Uganda: President Museveni under fire for encouraging vigilantism against ‘suspicious’ ‘boda-boda’ drivers

Motorcycle taxis, or boda-bodas, are a key constituency for Ugandan President Yoweri Museveni, who has worked hard to keep them on his side. So why is he encouraging Kampala residents to take vigilante action against “suspicious” boda-boda drivers? By SIMON ALLISON.

On Friday morning, Andrew Felix Kaweesi was murdered near his home in Kampala. The assistant inspector-general of Uganda’s police force was leaving for work when gunmen opened fire on his vehicle. The shooters were riding on the back of several motorcycles, and sped off after killing Kaweesi, his driver and his bodyguard.

On Sunday evening, President Yoweri Museveni visited the Kaweesi home to pay his condolences. The president appeared disturbed not just by Kaweesi’s murder, but also by the manner of it.

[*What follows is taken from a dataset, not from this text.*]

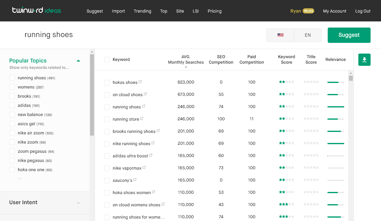 Struggling for ideas? Twinword is great at finding related keywords, grouping these by topic to make it easy to drill down. The “relevance” score lets you know how closely related the suggestion is to your starting word or phrase.
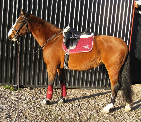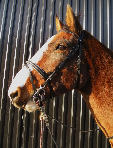 Även bettet är nytt och detta är tredje dagen på raken som jag använder det. Det är ett så kallat Babypelham, det vill säga ett pelham med korta skänklar. Med deltorna så har bettet mer eller mindre samma verkan som ett kimblewick/jaktkandar vilket var det jag kollade på först. Skillnaden mellan de två betten var att detta hade en mycket trevligare mundel då den – trots att den är gummibeklädd – är väldigt smal (15 mm) jämfört mot jaktkandaret som var väldigt tjockt. Jag kommer att göra en utvärdering vid ett annat tillfälle.

Museveni warned that assassins riding on motorcycle taxis, known locally as boda-bodas, are behind a wave of killings in the capital Kampala, and told citizens to watch out for “suspicious” boda-bodas. In what has been widely interpreted as a call to vigilante action, Museveni said that if people see any dodgy bikers, they should “stop and sort them out”.

According to The Monitor, a local paper, boda-bodas have been used in 12 assassinations over the past seven years. Security officials say that the motorbikes allow perpetrators to escape easily, and let them disguise themselves as commercial taxis afterwards.

Museveni’s comments were quickly condemned by opposition parties and civil society groups. “Somebody going by the title of the president, who is supposed to be in charge of all the security organs, and for that kind of person to say that if you see a boda-boda following you, stop and if you have guns, sort them out. I mean this is horrific, horrifying,” said Besigye.

Statements of leaders have a bearing on the actions of many. So things such as ‘get out of your car and deal with them’ is both reckless and amounts to incitement of violence – simply irresponsible,” said Nicholas Opiyo, founder of rights group Chapter Four Uganda, in a statement.

Current estimates suggest there are more than 100,000 boda-bodas on the streets of Kampala, while the local newspaper Daily Monitor claims that the industry is the second largest employer in Uganda. This makes boda-boda drivers a key constituency, especially for Museveni – and makes his new antipathy towards them all the more remarkable, given the crucial role they have played in shoring up his own political power over the years.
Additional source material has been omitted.